> **Description of the task**
Please return exactly the lines from the top of the data through the line that contains "T-shirt AMIRI in", and skip all pictures.

*** Provided data ***

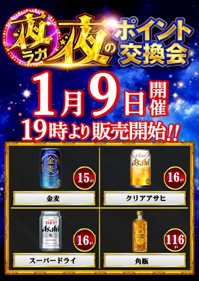 1/9(金)【夜ラカ】ポイント交換会 新規会員様大募集中!
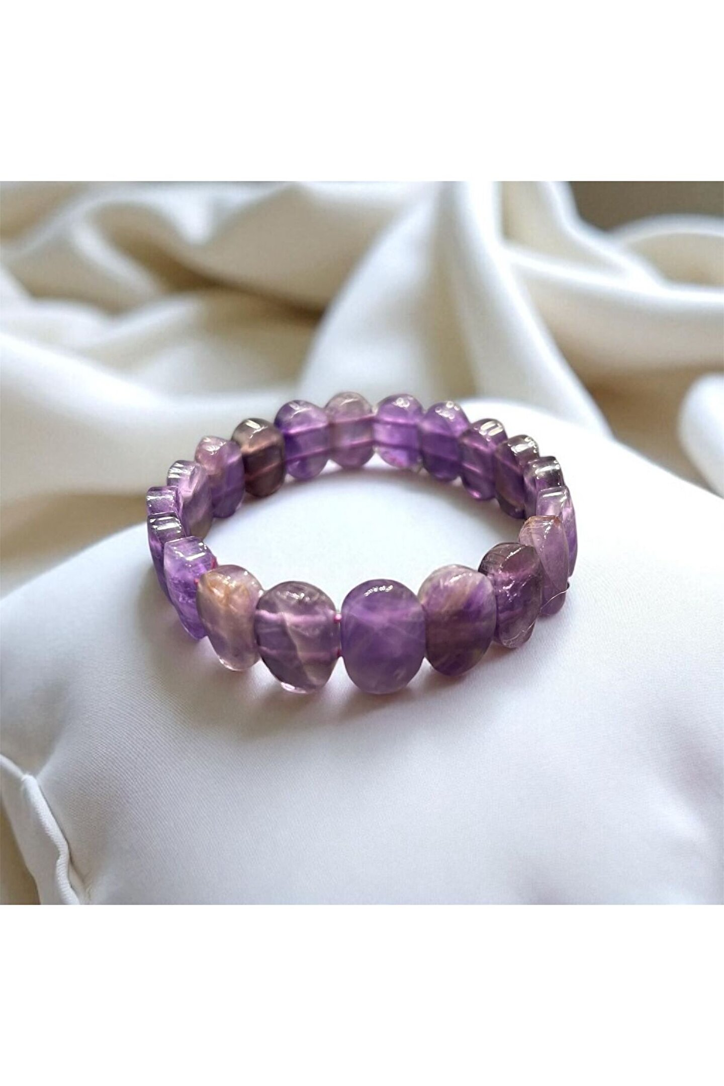 - Ürünümüz, doğal taşların özellik ve anlamlarını içeren açıklayıcı broşürümüz ve kutusu ile birlikte gönderilmektedir - Nemli bir bez kullanarak kolayca temizlenebilir, böylece bilekliğinizi her zaman yeni gibi tutabilirsiniz.; - Türkiye'de üretilmiş olup yerel malzemelerden elde edilmiştir, bu da hem kaliteyi hem de sürdürülebilirliği garanti eder.; - Ametist taşı sayesinde enerjik ve pozitif bir etki yaratırken aynı zamanda estetik bir dokunuş sağlar.; - İpek ip materyali ile hafif ve konforlu bir kullanım deneyimi sunarken dayanıklılığından ödün vermez.; - Ametist, aşk taşıdır.; Negatif elektrik yükü taşıdığından bedendeki fazla elektrik yükünü toplayarak pozitif enerjiye dönüştürür.; Depresyona faydalıdır.; Şifa bakımından en güçlü taştır.; Cilt göz hastalıklarına, alerjik, ve baş ağrılarına, kalp rahatsızlıklarına iyi gelir.; Uykusuzluğa iyi gelir.; Pembe kuvarsla birlikte kullanıldığında aklı güçlendirir ve kalbi korur.
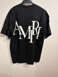 T-shirt AMIRI in cotone nero, con logo bianco stampato sul petto.
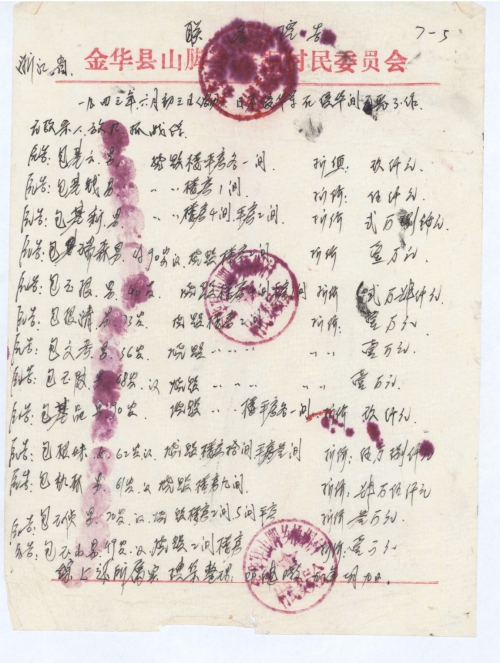Zhejiang Province Jinhua County Bailongqiao Town Sanlian Villagers Committee (Shangpanjia Natural Village) (Seal of Villagers Committee)

*** End of Provided data ***

> **Task answer**
 1/9(金)【夜ラカ】ポイント交換会 新規会員様大募集中!
 - Ürünümüz, doğal taşların özellik ve anlamlarını içeren açıklayıcı broşürümüz ve kutusu ile birlikte gönderilmektedir - Nemli bir bez kullanarak kolayca temizlenebilir, böylece bilekliğinizi her zaman yeni gibi tutabilirsiniz.; - Türkiye'de üretilmiş olup yerel malzemelerden elde edilmiştir, bu da hem kaliteyi hem de sürdürülebilirliği garanti eder.; - Ametist taşı sayesinde enerjik ve pozitif bir etki yaratırken aynı zamanda estetik bir dokunuş sağlar.; - İpek ip materyali ile hafif ve konforlu bir kullanım deneyimi sunarken dayanıklılığından ödün vermez.; - Ametist, aşk taşıdır.; Negatif elektrik yükü taşıdığından bedendeki fazla elektrik yükünü toplayarak pozitif enerjiye dönüştürür.; Depresyona faydalıdır.; Şifa bakımından en güçlü taştır.; Cilt göz hastalıklarına, alerjik, ve baş ağrılarına, kalp rahatsızlıklarına iyi gelir.; Uykusuzluğa iyi gelir.; Pembe kuvarsla birlikte kullanıldığında aklı güçlendirir ve kalbi korur.
 T-shirt AMIRI in cotone nero, con logo bianco stampato sul petto.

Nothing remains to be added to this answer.